● **How to complete this task**:
An exact restatement of the entire listing is needed, excluding all images.
##### Supplied information #####
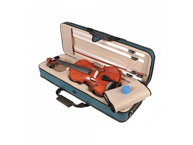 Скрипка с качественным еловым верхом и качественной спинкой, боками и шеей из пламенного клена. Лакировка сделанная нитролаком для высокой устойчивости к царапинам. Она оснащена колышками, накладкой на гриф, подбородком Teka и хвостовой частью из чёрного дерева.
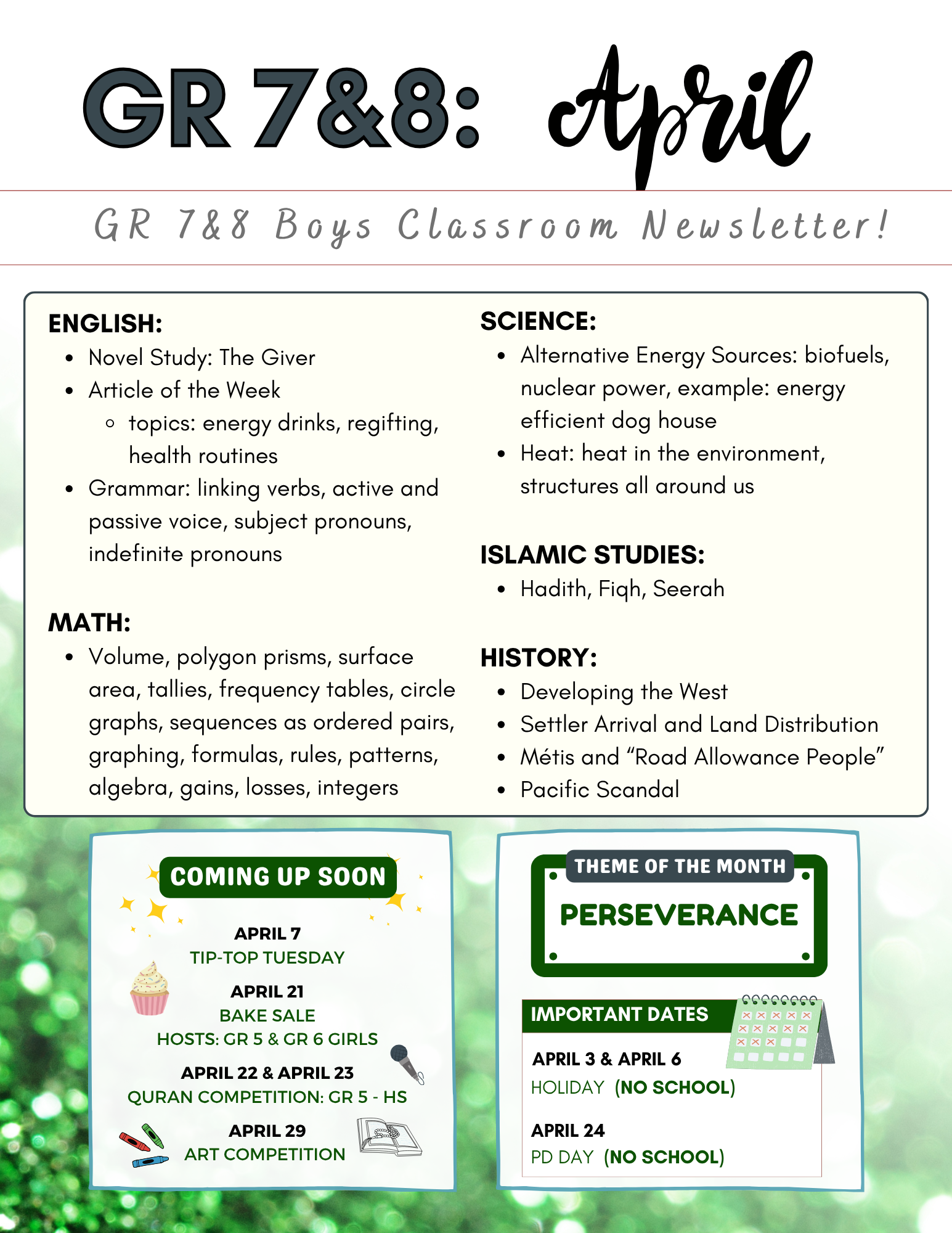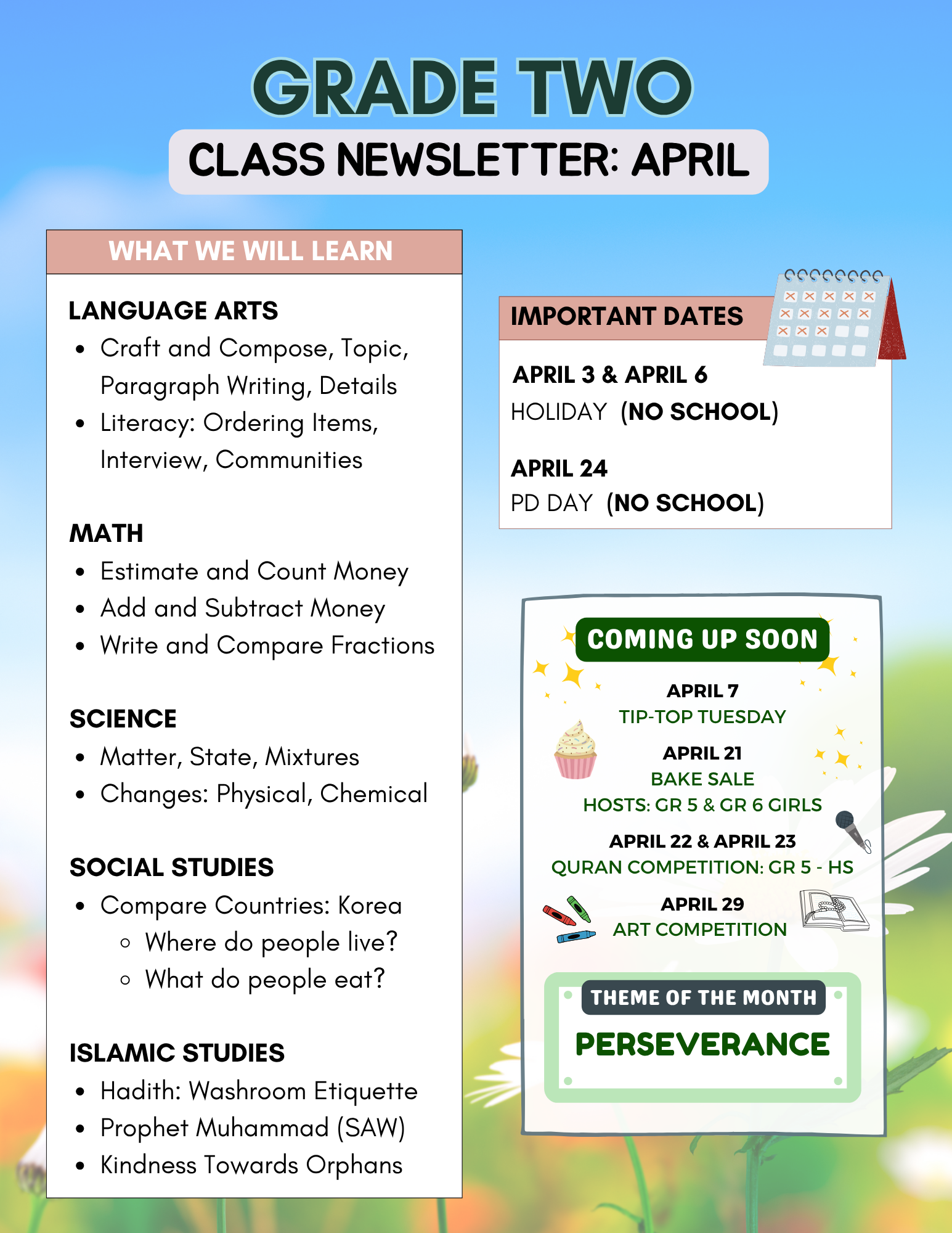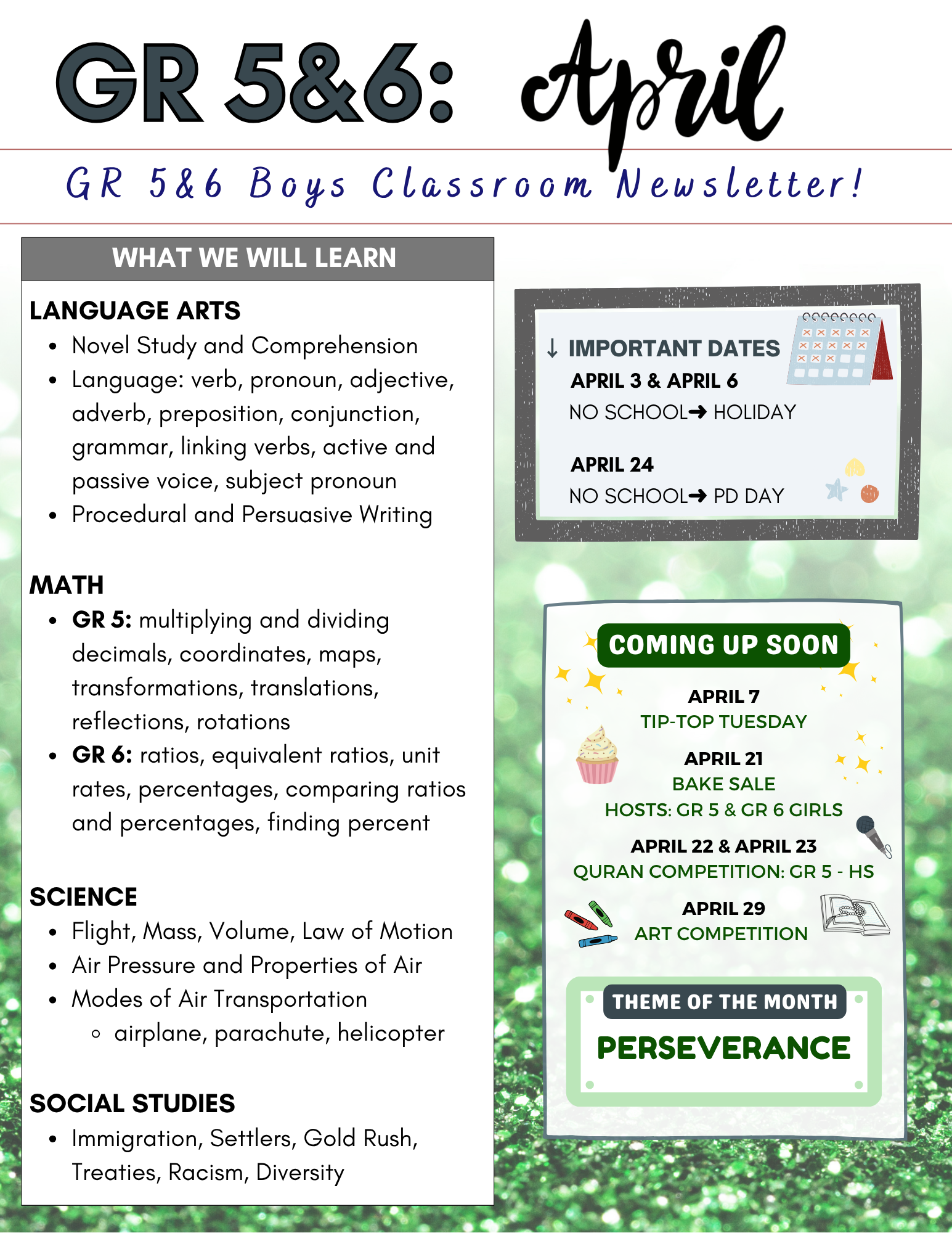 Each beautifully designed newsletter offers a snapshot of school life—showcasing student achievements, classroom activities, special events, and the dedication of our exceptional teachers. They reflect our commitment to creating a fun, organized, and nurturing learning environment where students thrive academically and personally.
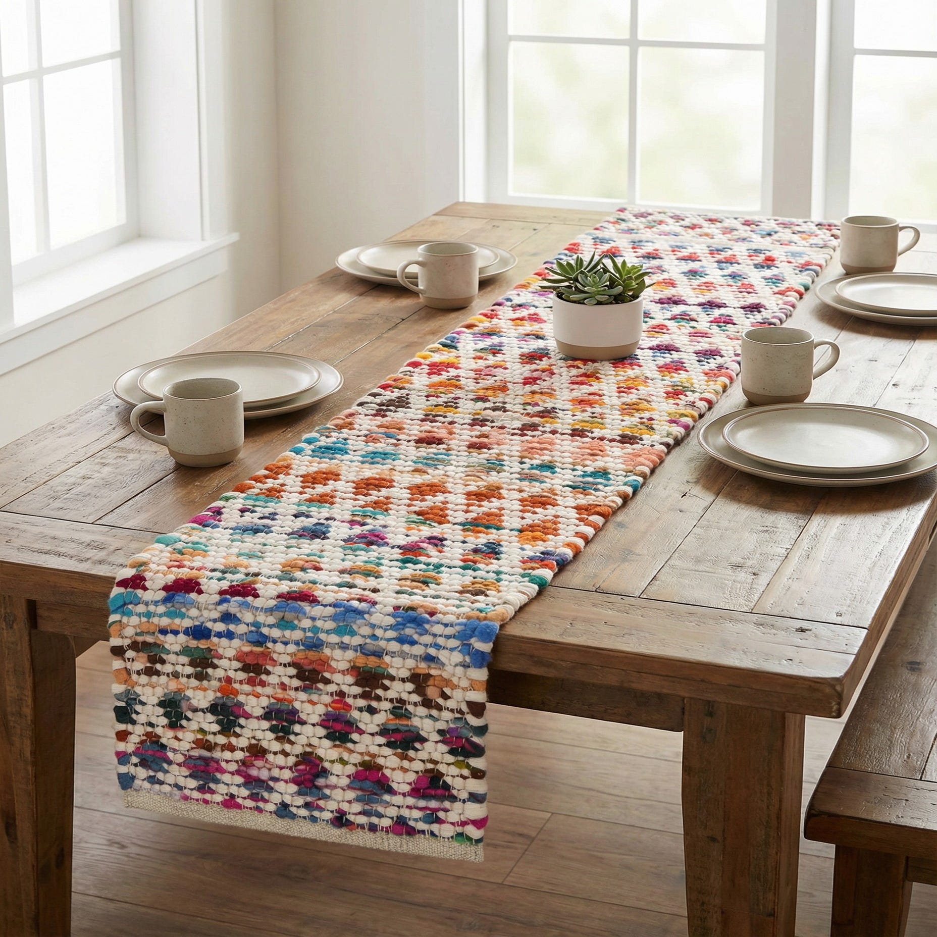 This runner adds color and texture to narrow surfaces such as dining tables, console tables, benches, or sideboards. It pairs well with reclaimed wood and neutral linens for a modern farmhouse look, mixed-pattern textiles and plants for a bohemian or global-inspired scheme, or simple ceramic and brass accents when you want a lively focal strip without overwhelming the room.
#####
● **Answer space**:
 Скрипка с качественным еловым верхом и качественной спинкой, боками и шеей из пламенного клена. Лакировка сделанная нитролаком для высокой устойчивости к царапинам. Она оснащена колышками, накладкой на гриф, подбородком Teka и хвостовой частью из чёрного дерева.
 Each beautifully designed newsletter offers a snapshot of school life—showcasing student achievements, classroom activities, special events, and the dedication of our exceptional teachers. They reflect our commitment to creating a fun, organized, and nurturing learning environment where students thrive academically and personally.
 This runner adds color and texture to narrow surfaces such as dining tables, console tables, benches, or sideboards. It pairs well with reclaimed wood and neutral linens for a modern farmhouse look, mixed-pattern textiles and plants for a bohemian or global-inspired scheme, or simple ceramic and brass accents when you want a lively focal strip without overwhelming the room.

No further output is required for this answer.